Suite 2100, 1177 West Hastings Street
Vancouver, B.C. V6E 2K3
Phone: (604) 608 1766 Fax (604) 608 1744

TSX-V Trading Symbol: GPR
SEC 20-F Statement Filed
Standard & Poor's Listed

July 20, 2005

For Immediate Release

NEWS RELEASE

NEW BROKERED PRIVATE PLACEMENT

GREAT PANTHER APPOINTS UNION SECURITIES FOR $4.5 MILLION
FINANCING; SIGNS LETTER OF INTENT FOR GUANAJUATO MINES

GREAT PANTHER RESOURCES LIMITED (TSX-V: GPR) is pleased to announce the appointment of Union Securities Ltd. ("Union") to act as its agent, on a commercially reasonable best efforts basis, to offer, by way of a brokered private placement, up to 10,000,000 units at a price of $0.45 per unit for gross proceeds of up to $4,500,000 (the "brokered offering").

This brokered offering is in addition to and is not to be confused with the non-brokered private placement, the final closing of which was announced by Great Panther on July 19, 2005.

Each unit of the brokered offering will consist of one common share of Great Panther and one-half of one transferable share purchase warrant. One whole warrant will entitle the holder to acquire, upon exercise, one common share of Great Panther for a period of 12 months from the date of closing of the brokered offering at a price of $0.62. Great Panther has agreed to grant to Union an over-allotment option to purchase up to an additional 1,500,000 units to cover potential oversubscription of the brokered offering.

In consideration for its services as agent, Union will be paid a commission equal to 8% of the gross proceeds, payable in cash. In addition, Union will receive agent's options to acquire that number of units as is equal to 10% of the number of units sold and purchased under the brokered offering and over-allotment option. The agent's options are exercisable for a period of 12 months from the date of closing of the brokered offering at a price of $0.45 per unit. Each unit will consist of one common share of Great Panther and one-half of one non-transferable warrant on terms identical to the private placement warrants. Great Panther has paid Union a work fee and has agreed to pay certain expenses reasonably incurred by Union in connection with the financing.

The net financing proceeds will be used to cover rehabilitation and start-up costs at Great Panther's Topia Silver-Lead-Zinc Mine in Durango State, for exploration activities on the Company's other projects, for corporate and administrative expenditures and for asset acquisition investigations. Great Panther is preparing to place the Topia Mine back into production and is exploring the Virimoa Gold Project in Durango and the San Antonio Gold-Copper Project in Chihuahua.

The brokered offering is subject to acceptance for filing by the TSX Venture Exchange.

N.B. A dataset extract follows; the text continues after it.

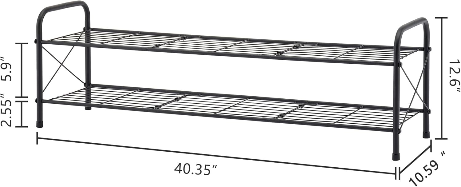 Hoctieon 2 Tier Shoe Rack for Closet, Durable Mesh Style Shoe Rack, Entryway Shoe Shelf, Shoe Storage Organizer for Hallway, Bedroom, Living Room, Wardrobe, Black

Great Panther also announces that it has signed a Letter of Intent to acquire a 100% interest in a group of producing silver-gold mines in Guanajuato, Mexico. The total purchase price of this proposed acquisition is US$7,250,000. On signing the Letter of Intent, Great Panther paid US$125,000 to the vendors, a Mexican mining cooperative. A further payment of US$75,000 is called for on completion of a final inventory. Great Panther is currently conducting due diligence on the Guanajuato Mines project, which will be subject to filing with and acceptance by the TSX Venture Exchange. Upon the satisfactory completion of its due diligence, the Company anticipates the arrangement of a subsequent financing in order to initiate a series of payments for the balance of the purchase price commencing with the signing of a formal purchase agreement.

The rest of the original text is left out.